The statistical analysis of relative abundance revealed: in T-M dataset – Chrg, Glu, Acd, Bsc, Arg, Lys, etc. are abundant in thermophilic proteins whereas Sml, Tiny, Gln, Ser, etc. are abundant in mesophilic proteins; in P-M dataset – Tiny, Ala, Ali, Met, Ser, etc.
are abundant in psychrophilic proteins whereas, Bsc, GT, Acd, CASA, etc. are abundant in mesophilic proteins; in T-P dataset – GI, HI, HB, SB, etc. are abundant in thermophilic proteins whereas, MSH, MMH, PV, PASA, etc. are abundant in psychrophilic proteins;
in A-B dataset – HB, AH, MMH, CASA, etc. are abundant in alkaliphilic proteins whereas, BS, MSH, SSH, HI, AAI, etc. are abundant in acidophilic proteins; in H-Nh dataset, Sml, Acd, Tiny, Asp, Thr, etc. are abundant in halophilic proteins whereas, Bsc, Arg, Ile, Npol, Ile, Ali, etc. are abundant in non-halophilic proteins; in B-Nb dataset, Chrg, Bsc, Arg, Acd, BST, II, HI, SB, etc. are abundant in barophilic proteins whereas, Tiny, Sml, Gln, etc. are abundant in non-barophilic proteins. Previous reports also
corroborate the present result showed that charged amino acid such as Glu, Arg, Lys, etc.

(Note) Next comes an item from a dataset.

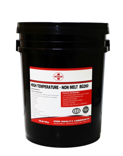 胶体高温润滑脂MetalubBG260 是一个专门定制的特殊高温轴承润滑脂,采用胶体润滑专利技术,具有在传统润滑脂所不能达到的高温度下,像“油脂一样”润滑。胶体高温润滑脂MetalubBG260由合成酯基础油配以无机非皂化混合稠化剂精制而成,同时含有高质量的石墨和二硫化钼固体润滑剂,为产品提供优秀的可靠润滑。胶体高温润滑脂MetalubBG260是长寿命高温胶体润滑脂,具有在高温下不干,不熔化,不滴,不流特性。独特的配方加特殊的生产工艺,使胶体高温润滑脂MetalubBG260呈现胶体和润滑脂两种状态并存, 胶体状使高温下不固化,不焦化,不炭化,长效油脂润滑,湿湿的,不干,大大延长加油周期,全面保护设备部件。胶体高温润滑脂BG260具有很低的摩擦系数,适合中高速高温润滑。

showed higher frequency in thermophilic, alkaliphilic and barophilic proteins7,10,29, whereas, small amino, polar and acidic acids such as Ser, Asp, Gln, Thr and Ala showed higher frequency in psychrophilic and halophilic proteins7,20 at sequence level. The psychrophilic proteins also comprise a significantly higher proportion of amino acids that contribute to higher protein flexibility in the coil regions of proteins, such as those with tiny/small or neutral side chains7. On contrary, another example of Pyrococcus abyssi, a hyperthermophilic piezophile having an increase in small amino acids (Gly, Ala, Ser, Thr, Pro, Asp and Asn) across its proteome when compared to that of the related thermophilic archaeon but non-piezophile, Pyrococcus furiosus have been found13. Adaptation of proteins at low pH seems to be attributed to the prevalence of acidic (negatively charged at a neutral pH) amino acids (Asp and Glu) whereas adaptation of proteins at basic pH seems to be attributed to the prevalence of basic amino acids (Lys, Arg and His) on the surface of these enzymes and proteins30. Correspondingly, Reed et al., was also reported the basic amino acids such as arginine is beneficial for stabilization of proteins under extreme temperature as well as extreme pressure condition10. In contrary to barophilic proteins, Metapally and Reddy said that in psychrophilic proteins, small amino acids such as Ser, Asp, Gln, Thr and Ala are overrepresented in the coil regions of secondary structures, whilst charged and basic side chains such as Arg and Glu are underrepresented in the helical regions7.
At structural level, hydrogen bonds, electrostatic interactions, hydrophobic interaction, charge accessible surface area, gamma turns, etc. are the most prominent factors related to the enhanced thermal stability of proteins and make the protein structure robust that can sustain extreme-conditions2,16,31. Increment in main chain-main chain hydrogen bonds and ionic interactions has been reported to increase themostability of proteins32. The electrostatic interactions, salt bridges are among the most prominent factors related to the enhanced thermal stability of proteins from extremophiles. It was also reported that barophilic P. abyssi tends to substitute arginine (Arg) for all other amino acids in sequences homologous to non-barophilic P. furiosus13. At sequence level, this corroborates with the previous results that arginine is frequently occurred amino acid in
most of the barophilic proteins at primary levels13. One of the major finding of this work is that gamma turns increases in thermostable lipases as compared to their mesostable counterparts1.